How we evaluate the meaning of Shenzhen’s emergence and increasing prominence, both nationally and internationally, often hinges on when we entered the SEZ maelstrom of frenzied development and nouveau riche ambition.

Local historian Liao Honglei (廖虹雷) concludes a post on the thirtieth anniversary of Shenzhen’s founding with the following words:

It’s been thirty years. I remember what thirty years in Shenzhen have given me, I also can’t forget what the thirty years before Reform and Opening left me. What has been the greatest gift of these sixty years? “Life” — two completely different lives. The first thirty years constituted a difficult, pure, honest, and bitter but not painful life; the second thirty years constituted a nervous, struggling, deep pocket, wealthy, and sweet but not optimistic life. (30年了,我记得深圳30年给我什么,也不忘改革开放前30年给我留下什么。60年给我最大的礼物是什么?“就是生活”,两种截然不同的生活。前30年是一种艰苦、清纯、扑实,苦而不痛的生活;后30年是一种紧张、拚搏、殷实、宽裕,甜而不乐观的生活。)

As a local historian, Liao Honglei is sensitive to the disparagement in phrases such as “Shenzhen was just a small fishing village” because he knows that before the SEZ, Baoan Shenzhen was not simply a “one college graduate town” or “border town with only 300,000 residents”. He remembers the first experiments with cross border culture — in the 1980s, Shenzhen made famous al fresco dining (大排档) and night markets (灯光夜市), which were local graftings of Hong Kong’s Temple Street and Western Vegetable Streets (庙街 and 西洋菜街). As well as when and how Shenzhen adopted Hong Kong protocols for the institution of joint ventures, stock issuances, and futures trading. And, of course, the language that came with this change — illegal booth owners (走鬼), settle a matter (搞掂), did you get it wrong (有没有搞错呀), bye bye (拜拜), and bury (pay for) the check (埋(买)单).

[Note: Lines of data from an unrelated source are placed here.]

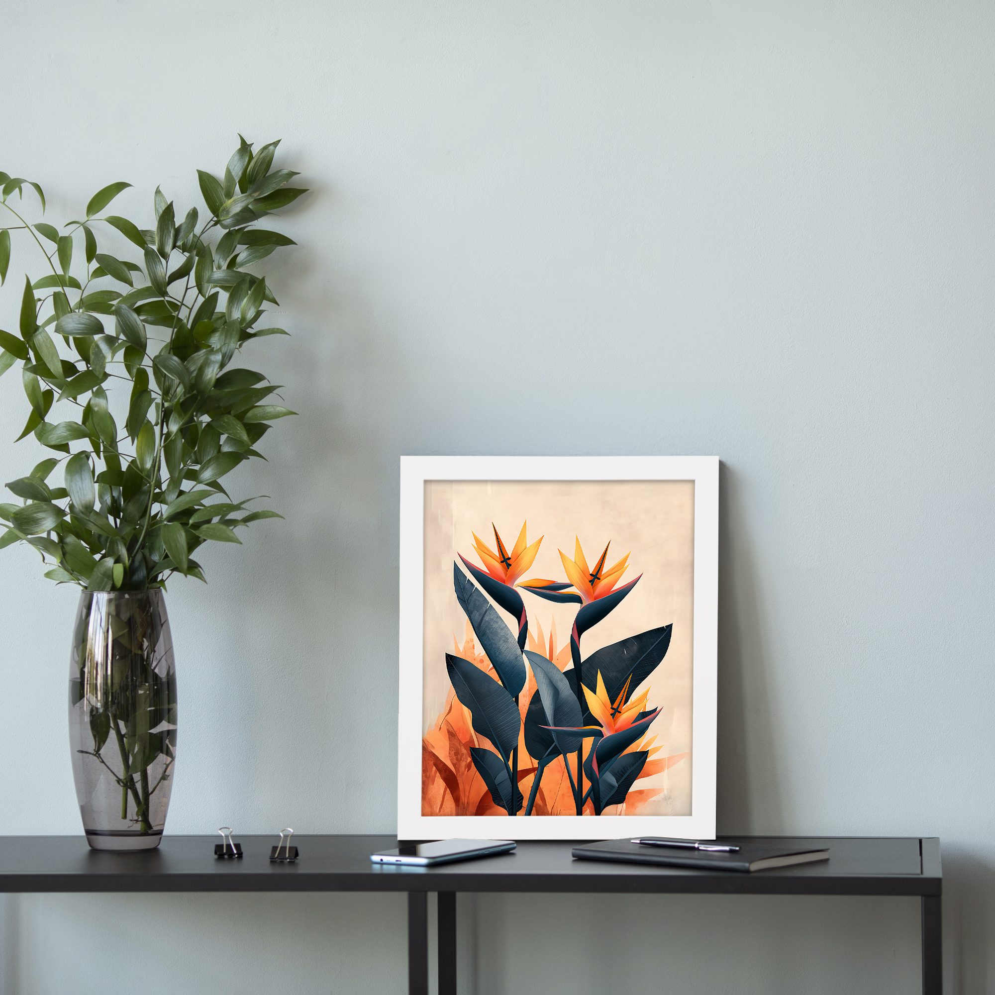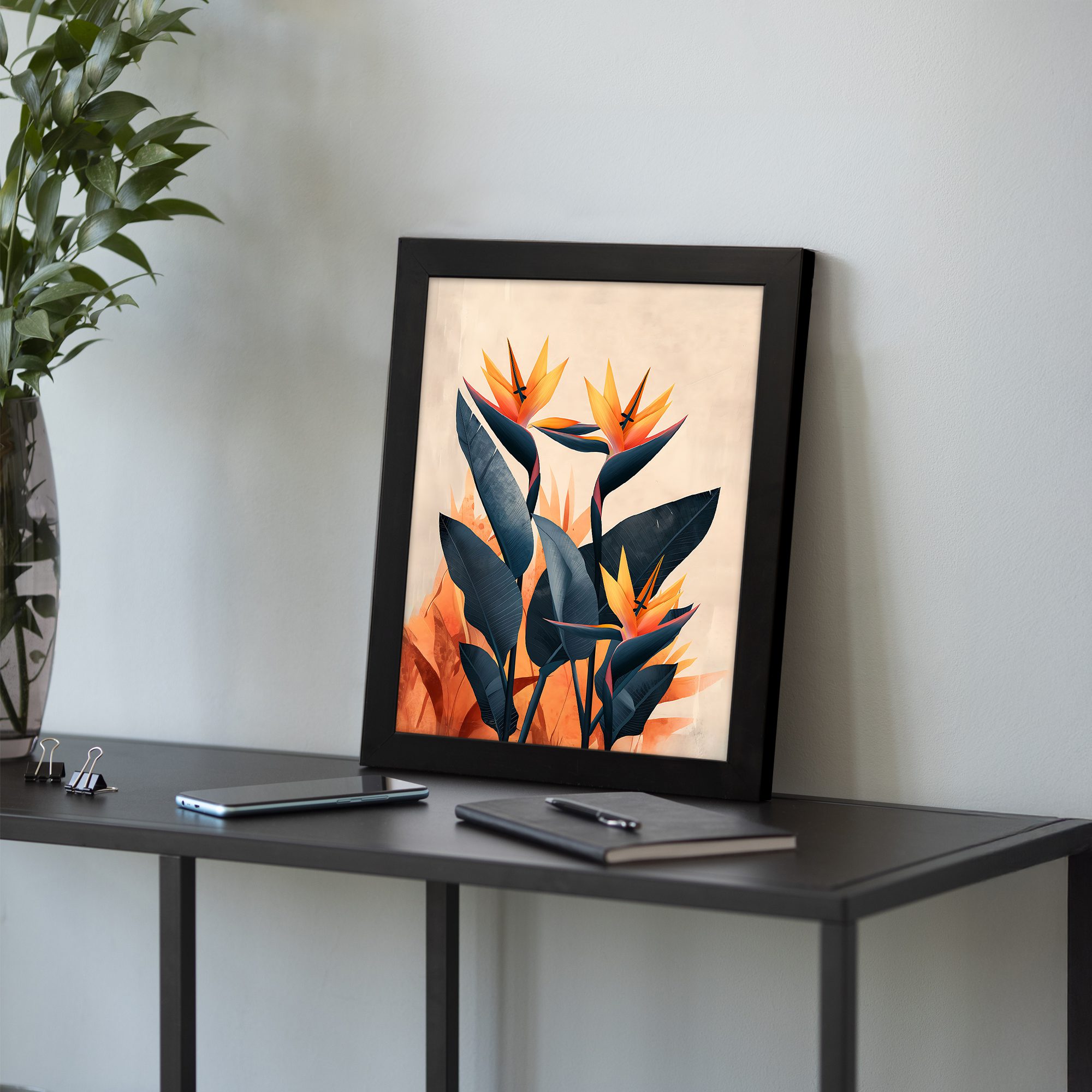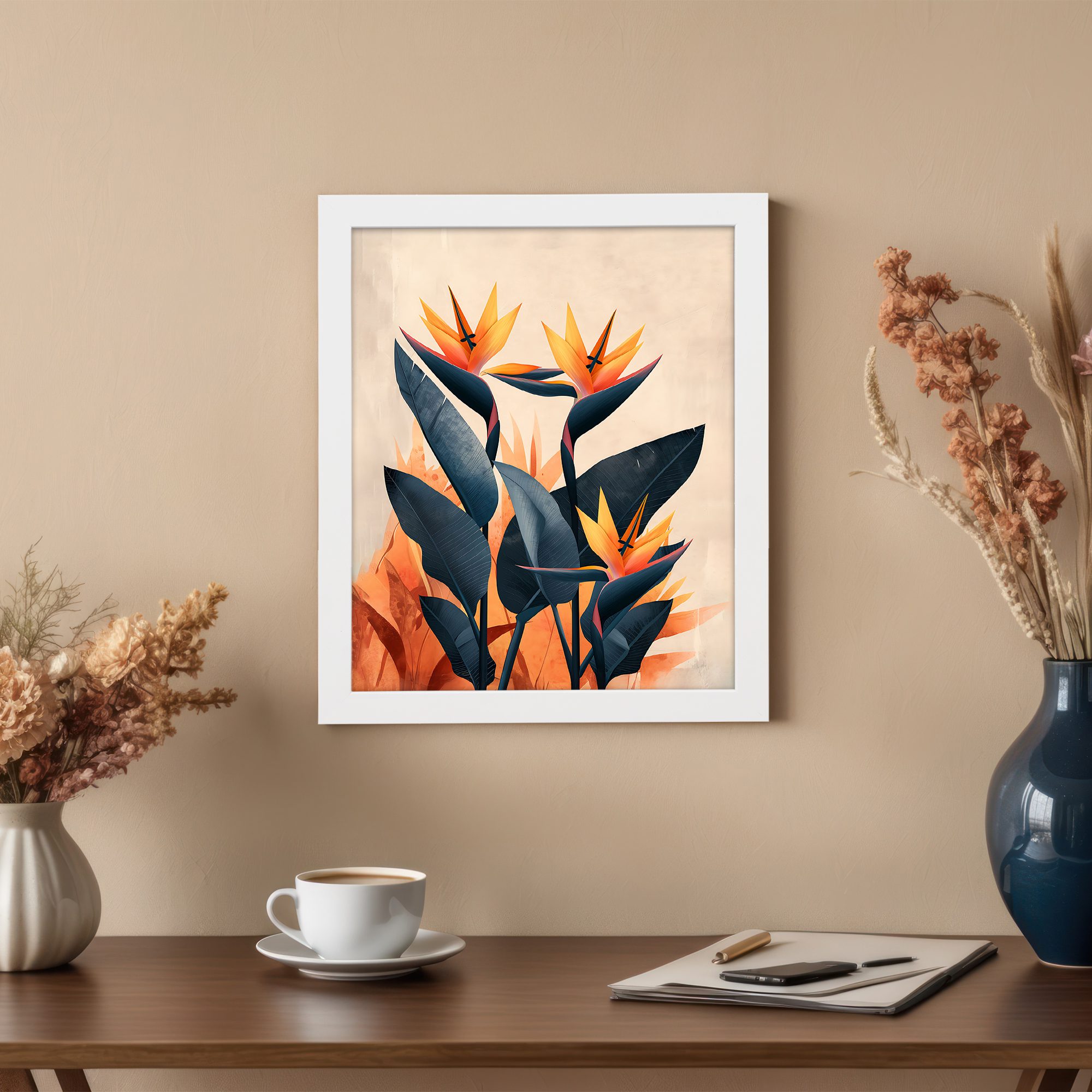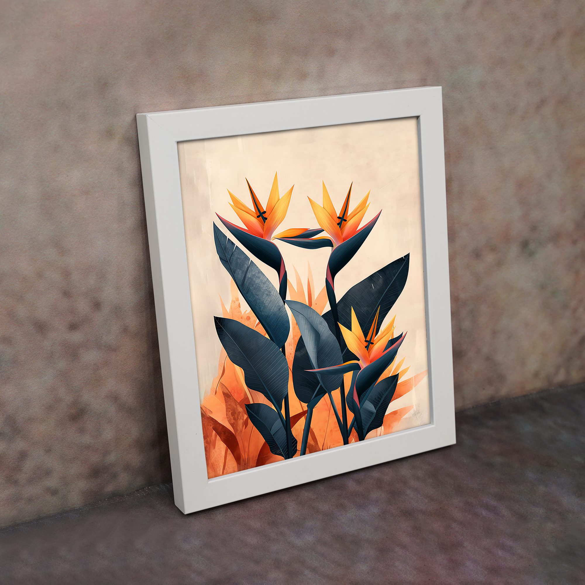 Give your walls a vibrant and stylish upgrade with this Kotart aesthetic modern wall art. This artwork features tropical flowers with bold shapes and rich orange and deep blue tones. The design brings a lively and artistic feel that instantly stands out.
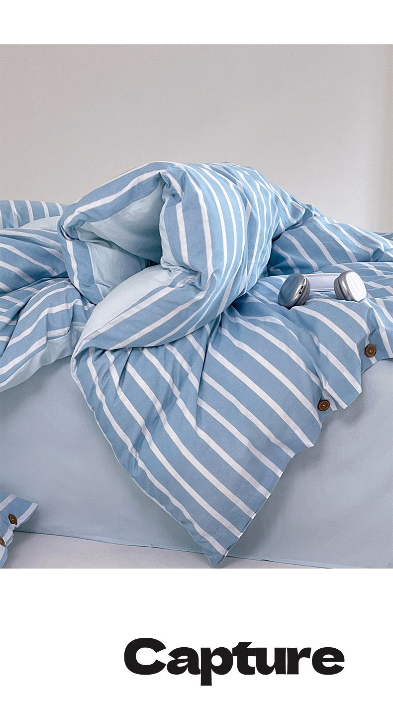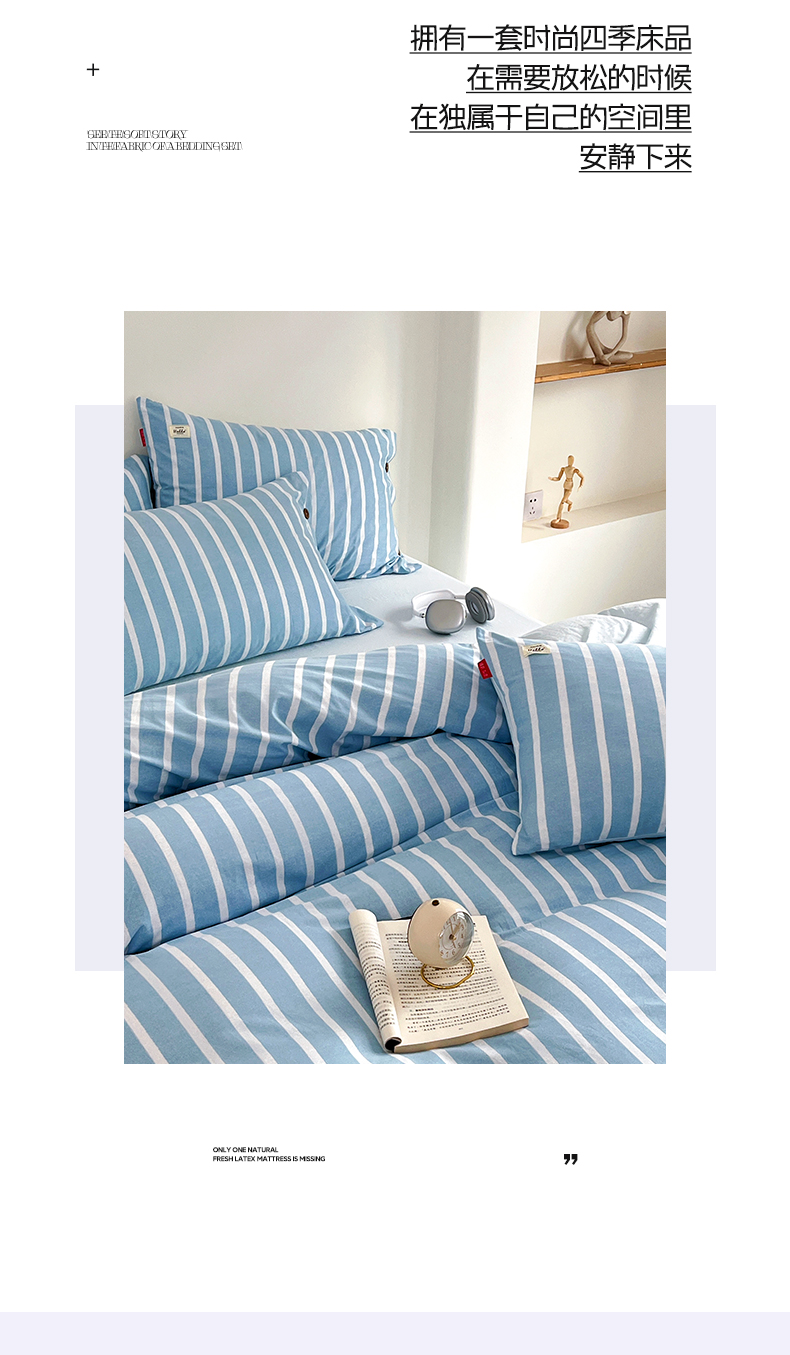 睡美美 2025新款加厚色织水洗棉印染条纹四件套 海盐奶蓝
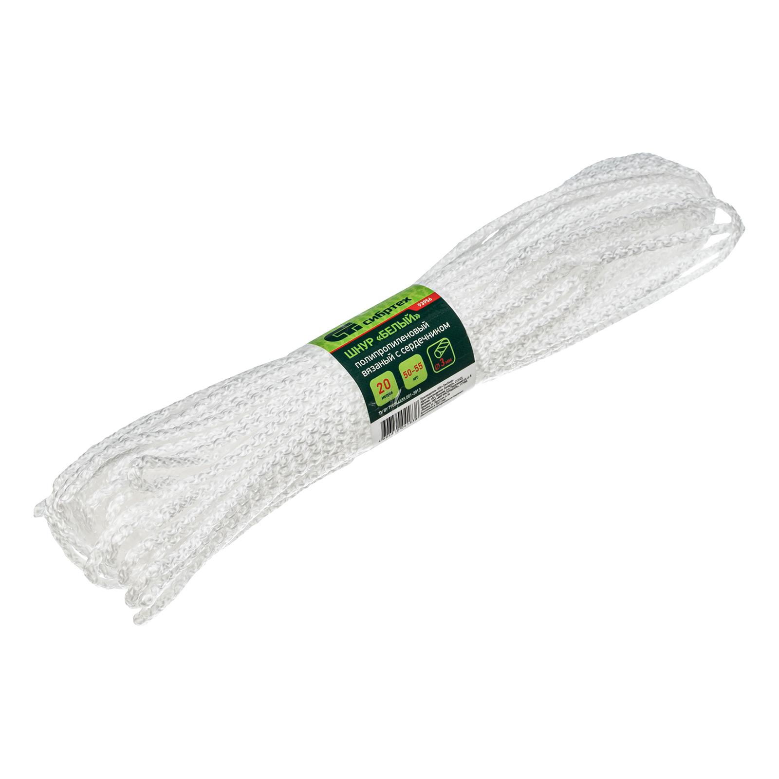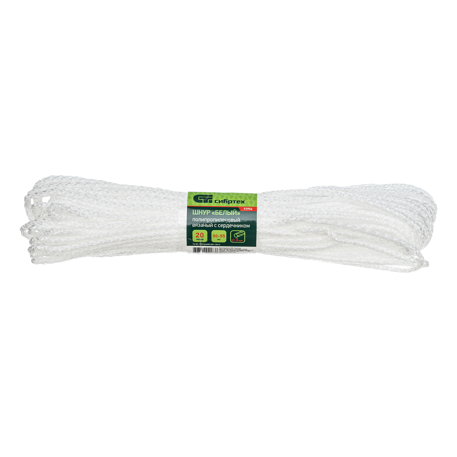 Шнур вязаный полипропиленовый с серд. белый, 3 мм, L 20 м, сибртех
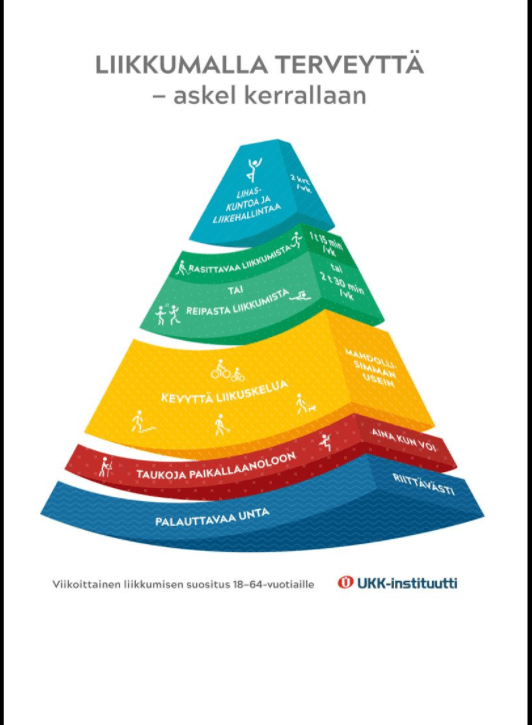 8 UKK-instituutti 2019a. 18-64-vuotiaiden aikuisten liikkumisen suositus. Verkkosivu. >https://www.ukkinstituutti.fi/liikkumisensuositus/aikuisten-liikkumisen-suositus<

Liao Honglei’s blog, 廖虹雷博客 is a wonderful resource for anyone interested in Shenzhen’s history. On the one hand, the gritty details of lived experience permeate each post, taking into account how profoundly the establishment of Shenzhen transformed Baoan lives. On the other hand, he calls for the active inclusion of pre-1980 Baoan culture and material history as the basis of any kind of Shenzhen identity. Liao Honglei is a rare Shenzhener: an organic intellectual who advocates the recognition of Baoan as one of the SEZ’s true and necessary roots. Moreover, he actually knows this history, rather than has generalized a Lingnan type past onto the territory. Thus, on his reading, Shenzhen is not just an immigrant town, but also and more importantly, a hybrid mix that has a responsibility to acknowledge and to nurture its diverse origins.